• _What to work on_
An exact copy of the data is required, with no pictures in it.
[Data extract — start]
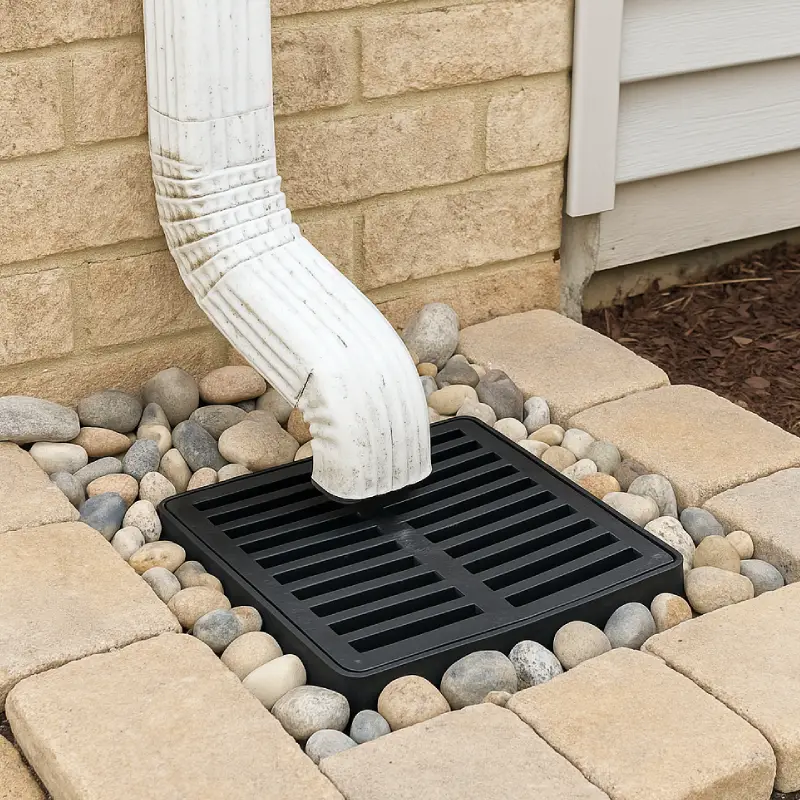Installed in low-lying areas to collect excess water before it can pool, then connect to underground piping for proper drainage.
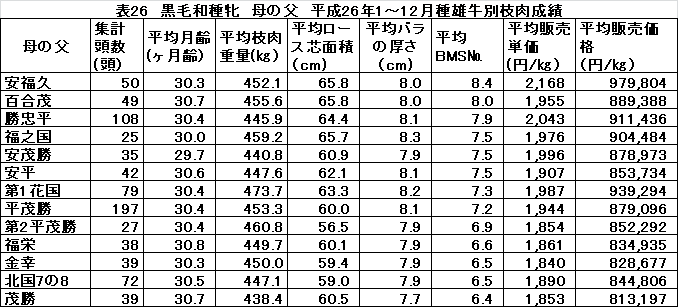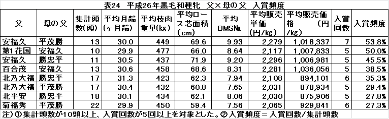 ○北乃大福×勝忠平(H26、H25)、北乃大福×平茂勝(H26、H25)、北平安×平茂勝は3年間のうち2年上位でした。
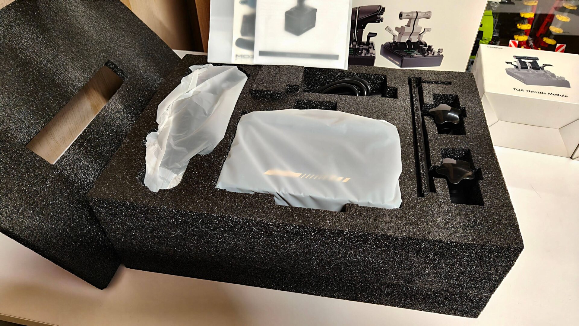 Topowy zestaw do symulatorów lotów nie może obyć się bez porządnej przepustnicy. A do takich bez wątpienia należy MOZA MTQ Throttle Quadrant. To z całkowitą pewnością jeden z najlepszych modułów przepustnicy, z jakiego miałem okazje korzystać. Znajdziemy tu wszystkie niezbędne dźwignie, przyciski i przełączniki do sterowania samolotem oraz jego automatyką. Do tego wszystkie cztery dźwignie, czyli dwie przepustnice, klapy i spoilery są wymienne. Standardowo w pudełku znajdziemy zestaw od myśliwców, jednak bez problemu w sklepie MOZA w cenie 45 euro możemy dokupić dźwignie inspirowana samolotami Airbusa (MOZA TQA), czy Boeinga (MOZA TQB).
[Data extract — finish]
• _Exercise answer_
Installed in low-lying areas to collect excess water before it can pool, then connect to underground piping for proper drainage.
 ○北乃大福×勝忠平(H26、H25)、北乃大福×平茂勝(H26、H25)、北平安×平茂勝は3年間のうち2年上位でした。
 Topowy zestaw do symulatorów lotów nie może obyć się bez porządnej przepustnicy. A do takich bez wątpienia należy MOZA MTQ Throttle Quadrant. To z całkowitą pewnością jeden z najlepszych modułów przepustnicy, z jakiego miałem okazje korzystać. Znajdziemy tu wszystkie niezbędne dźwignie, przyciski i przełączniki do sterowania samolotem oraz jego automatyką. Do tego wszystkie cztery dźwignie, czyli dwie przepustnice, klapy i spoilery są wymienne. Standardowo w pudełku znajdziemy zestaw od myśliwców, jednak bez problemu w sklepie MOZA w cenie 45 euro możemy dokupić dźwignie inspirowana samolotami Airbusa (MOZA TQA), czy Boeinga (MOZA TQB).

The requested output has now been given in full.